La source (tarie) des beurres de noix
À ce jour, Buddy Buddy a développé une gamme de quatre produits, dont un beurre de cacahuètes, un beurre d’amandes et une pâte à tartiner choco-noisettes. Mais le plus intrigant de tous est probablement le « protéiné », auquel on a ajouté des protéines de pois et de l’huile de chanvre, pour les oméga 3. « C’est un mélange idéal pour les sportifs, avec de vraies bonnes protéines végétales », vante encore Julien Gaucherot. La proposition est alléchante, au propre comme au figuré, d’autant plus quand on sait que la consommation de fruits secs fait partie des dernières recommandations du Conseil supérieur de la santé belge.

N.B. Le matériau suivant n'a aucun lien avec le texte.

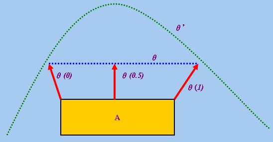 上圖刻劃"over A"的語義,θ (即藍色虛線)代表符合"over A"語義的其中一條「路徑」。θ的輸出值都是A的「最近向量」,其中θ(0)、θ(0.5)和θ(1)分別為該「路徑」的源點向量、中間點向量和終點向量。請注意"over A"的語義並不要求整條「路徑」都必須在A的上方,例如在上圖中θ' (即綠色虛線)便是另一條符合"over A"語義的「
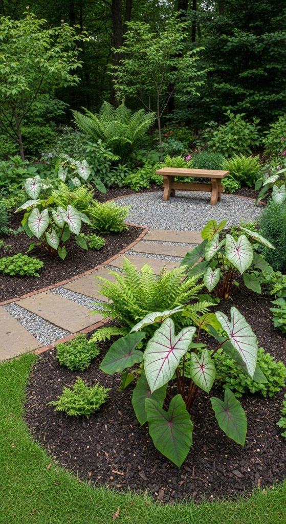 Layering caladiums beneath taller shrubs and trees creates depth and a woodland retreat vibe. I’ve done this with hostas and ferns, and the visual rhythm is almost like a forest floor painting.
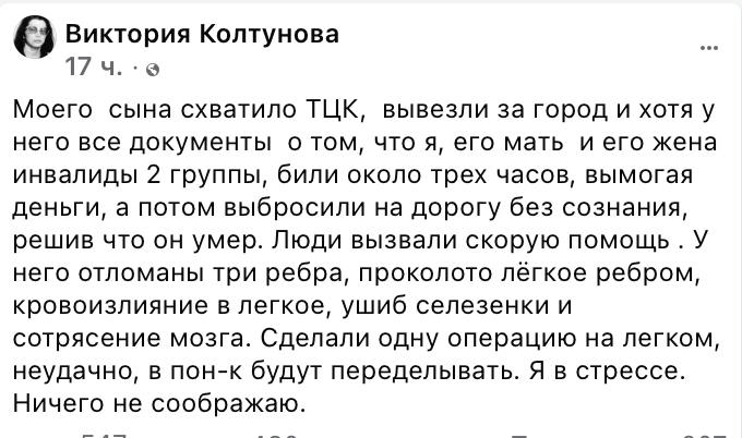 "Моего сына схватило ТЦК, вывезли за город и хотя у него все документы о том, что я, его мать и его жена инвалиды 2-й группы, били около трех часов, вымогая деньги, а потом выбросили на дорогу без сознания, решив что он умер. Люди вызвали скорую помощь. У него отломаны три ребра, проколото лёгкое ребром, кровоизлияние в легкое, ушиб селезенки и сотрясение мозга. Сделали одну операцию на легком, неудачно, в понедельник будут переделывать. Я в стрессе. Ничего не соображаю", - написала Колтунова.
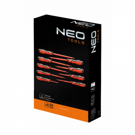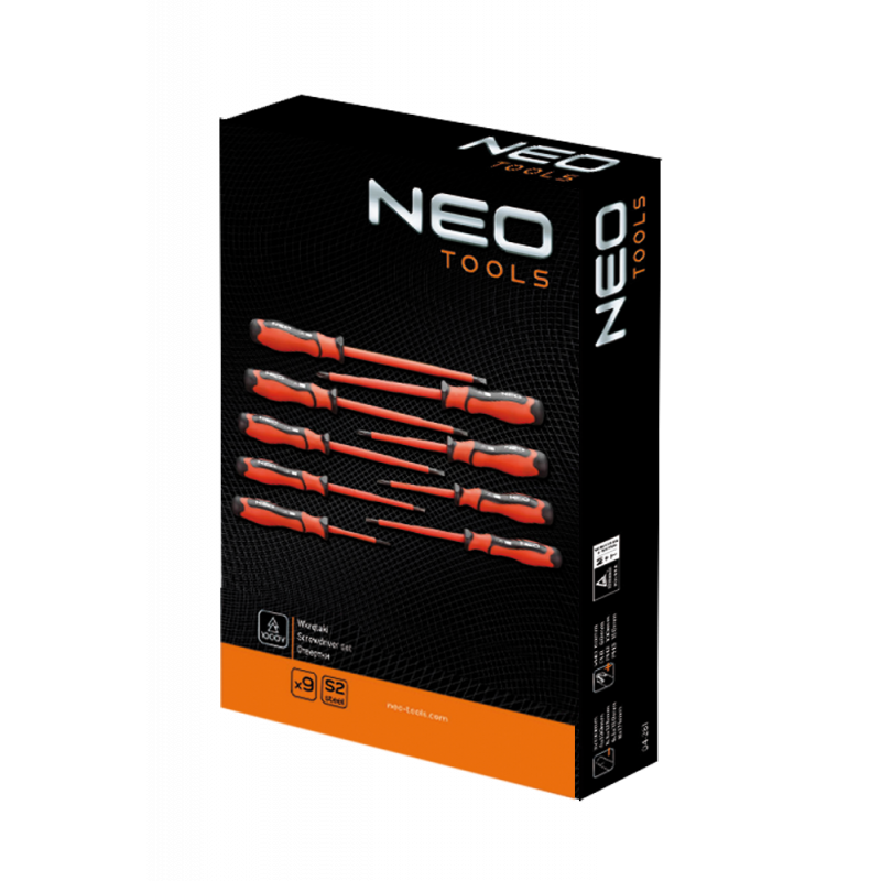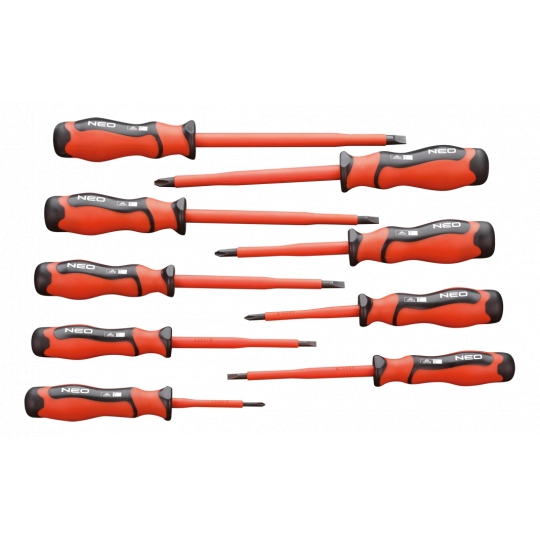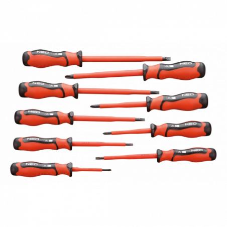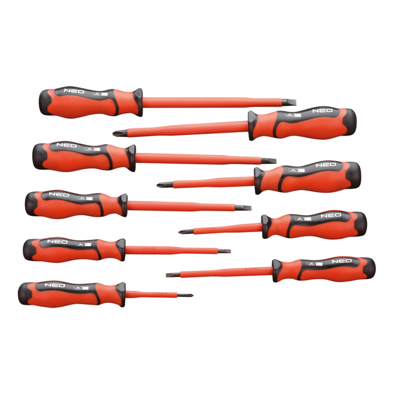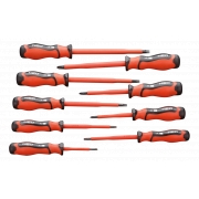 Zestaw wkrętaków 1000V, 9 szt., rękojeść dwumateriałowa, wkrętaki stal S2, certyfikat TÜV 3*100 mm, 4*100 mm, 5.5*125 mm, 6.5*150 mm, 8*175 mm, PH0*60mm, PH1*80 mm,PH2*100 mm, PH3*150 mm

Reste que la tendance, si elle a du bon d’un point de vue santé, n’est pas forcément très écologique. Aux USA où les oléagineux vivent leur grande heure de gloire, les monocultures d’amandes californiennes déciment en effet les réserves d’eau d’un État qui en a pourtant grand besoin. « C’est la raison pour laquelle à l’heure actuelle, on refuse de s’approvisionner aux États-Unis », indique le co-créateur de Buddy Buddy. Leurs amandes proviennent d’Espagne, tandis que les cacahuètes et noisettes sont importées d’Égypte et de Turquie. La question de la provenance et la manière dont sont produites ces « noix » est donc le prochain grand défi de cette jeune marque, qui trace dès aujourd’hui une voie belge dans le sillon des « nut butters ».